13.5.17

JUDUL RESENSI: MEMERANGI PORNOGRAFI ANAK



JUDUL RESENSI:
MEMERANGI PORNOGRAFI ANAK

TUGAS MATA KULIAH: PSIKOLOGI INDUSTRI DAN ORGANISASI

NAMA: IRWANTO
NIM. 163104101125
 

PROGRAM STUDI PSIKOLOGI UMUM
UNIVERSITAS PROKLAMASI 45 YOGYAKARTA
         
          Di era keterbukaan saat ini, pornografi merupakan isu yang sangat seksi. Keren informasi yang terbuka lebar setelah 1998tampaknya tak di sia-siakan jaringan pelaku kejahatan pornografi. Motifnya cukup beragam: bisnis, kejahatan seks, eksploitasi ekonomi, sampai perdangangan anak-anak. Meski Undang-undang Nomor 44 Tahun 2008 tentang Pornografi telah lama terbit, secara faktual pornografi masih tumbuh pesat dan menjamur. Konten pornografi mudah ditemukan dalam bentuk gambar, sketsa, ilustrasi, foto, tulisan, suara, bunyi, gambar bergerak, animasi, kartun, percakapan dan gerak tubuh.
          Menurut studi yang dimuat Journal of Sexual Medicine online, ada tiga tipe pengguna pornografi yaitu (1) pengguna dengan tujuan rekreasi, penggna dalam kategori ini paling banyak mencapai 75 persen. (2) pengguna yang kompulsif, mereka rata-rata menonton yang porno di rumah, kantor atau tempat lain yang nyaman dengan durasi sekitar 17 menit setiap minggu. (3) pengguna yang tertekan, kelompok ini diperkirakan berjumlah sekitar 11,8 persen. Walau jumlahnya lebih sedikit dibandingkan dengan dua kelmok lain, kebiasaan mereka menonton jauh lebih banyak. Kelompok ini rata-rata menonton materi pornografi 110 menit setiap minggu.         

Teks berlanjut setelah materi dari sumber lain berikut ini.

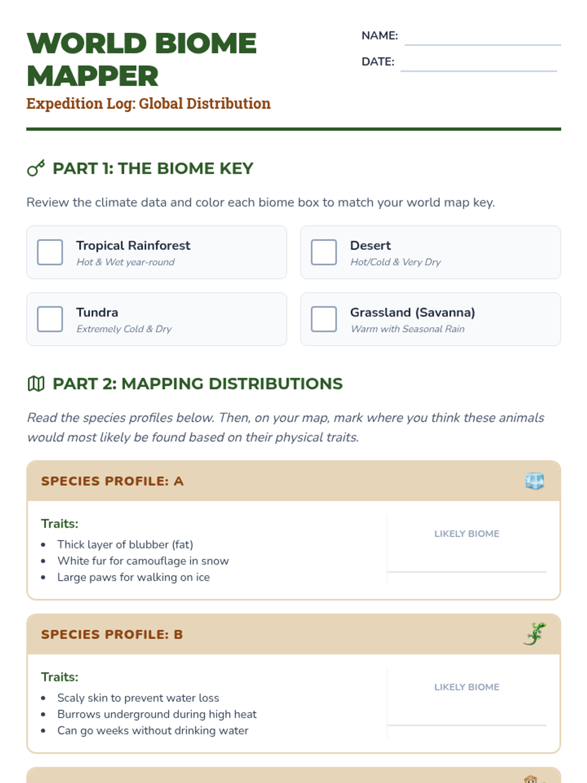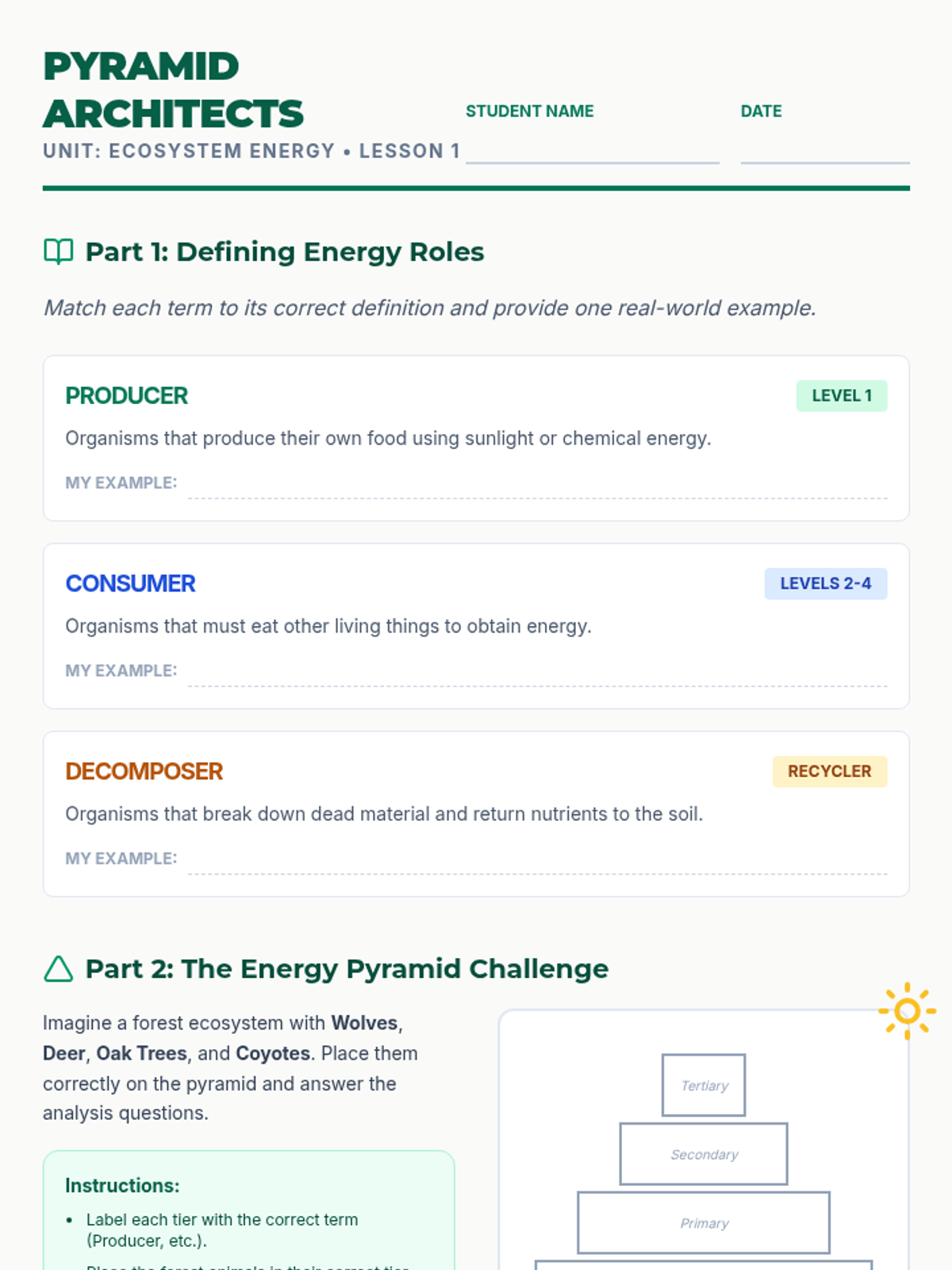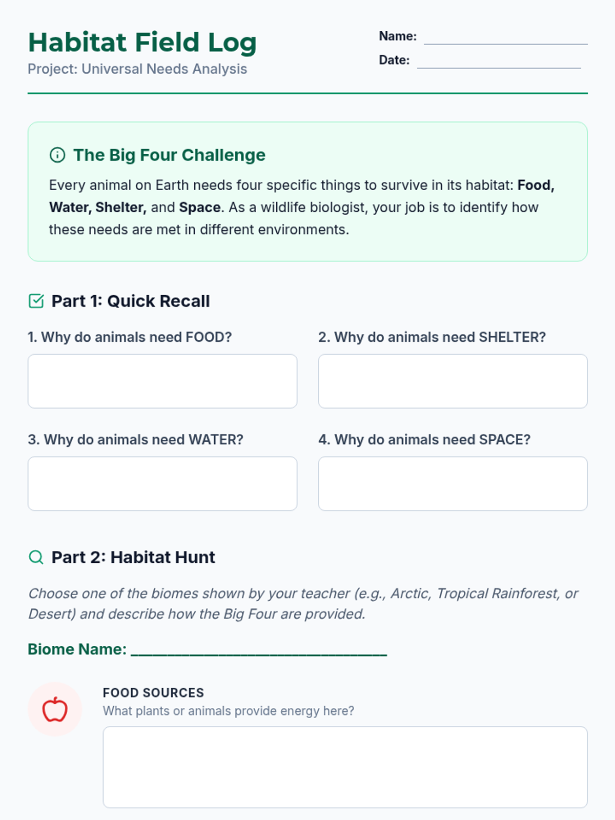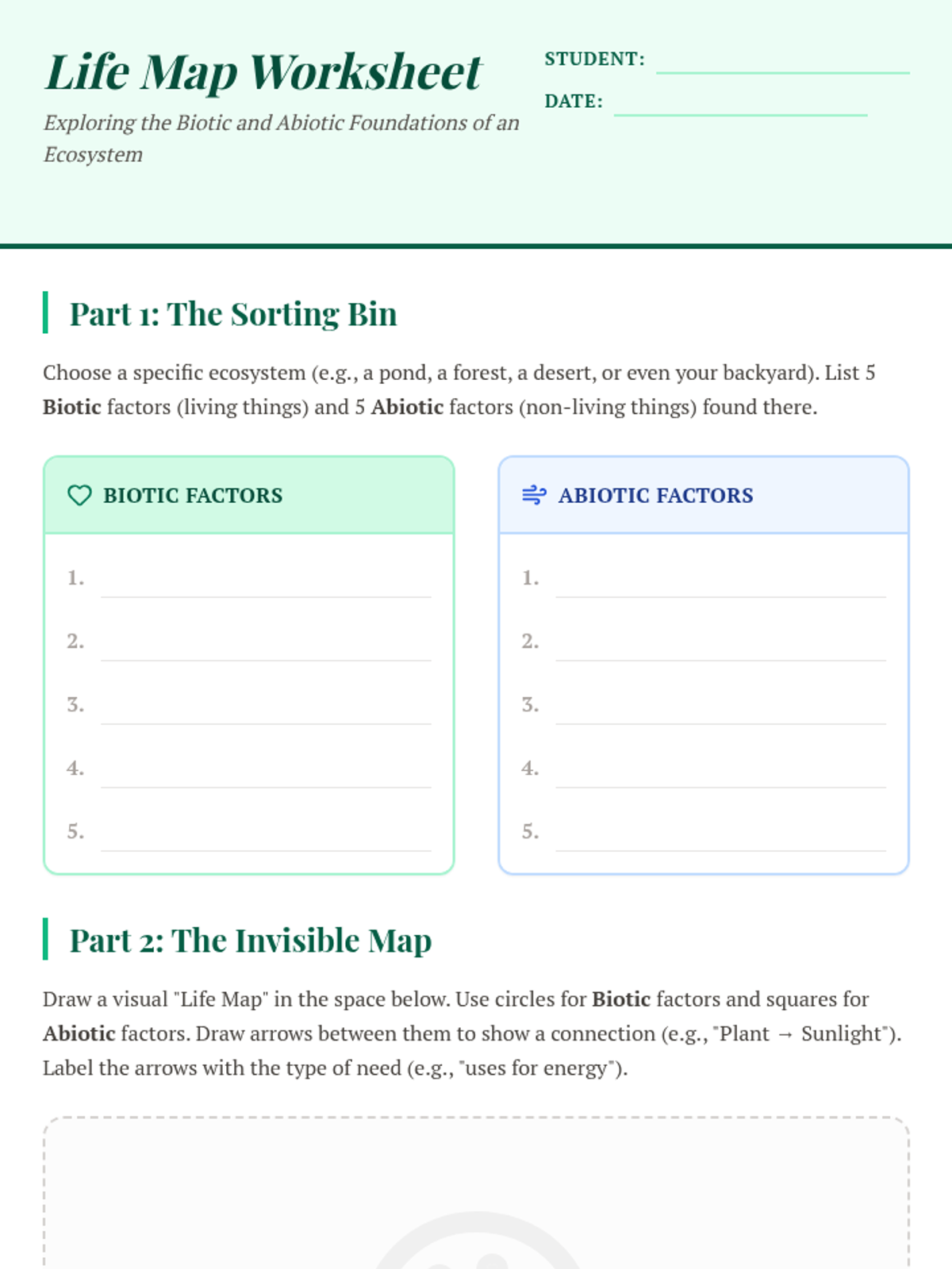 Ecosystem Study Worksheet

          Pencegahan optimal, tampaknya tak berlebihan jika industri pornografi telah menjadi penumpang gelap pada agenda besar reformasi. Produksi pornografi terus bertambah, baik dari dalam negeri maupun luar negeri. Tentu keadaan ini tak boleh dibiarkan apabila kita mengingingkan masa depan bangsa yang lebih baik. Respon kebijakan setidaknya terdapat beberapa sejumlah upaya yang dapat dilakukan adalah sebagai berikut: (1) pemastian sistem proteksi, upaya proteksi negara dari bahaya pornografi di internet cukup beragam. Kebijakan pemerintah yang ditetapkan berkorelasi dengan pilihan adopsi sistem pemerintahan di setiap negara. (2) kriminalisasi pelaku dan jaringan bisnis, seharusnya tidak ada toleransi bagi pebisnis pornografi, apalagi yang menjadikan anak-anak sebagai objek, sangat berbahaya. (3) literasi internet sehat dan (4) pembudayaan nol pornografi.     

Referensi
Susanto. (23 Maret 2017). Opini: Memerangi pornografi anak. Kompas. Terbit: Hari Kamis. Halaman 6.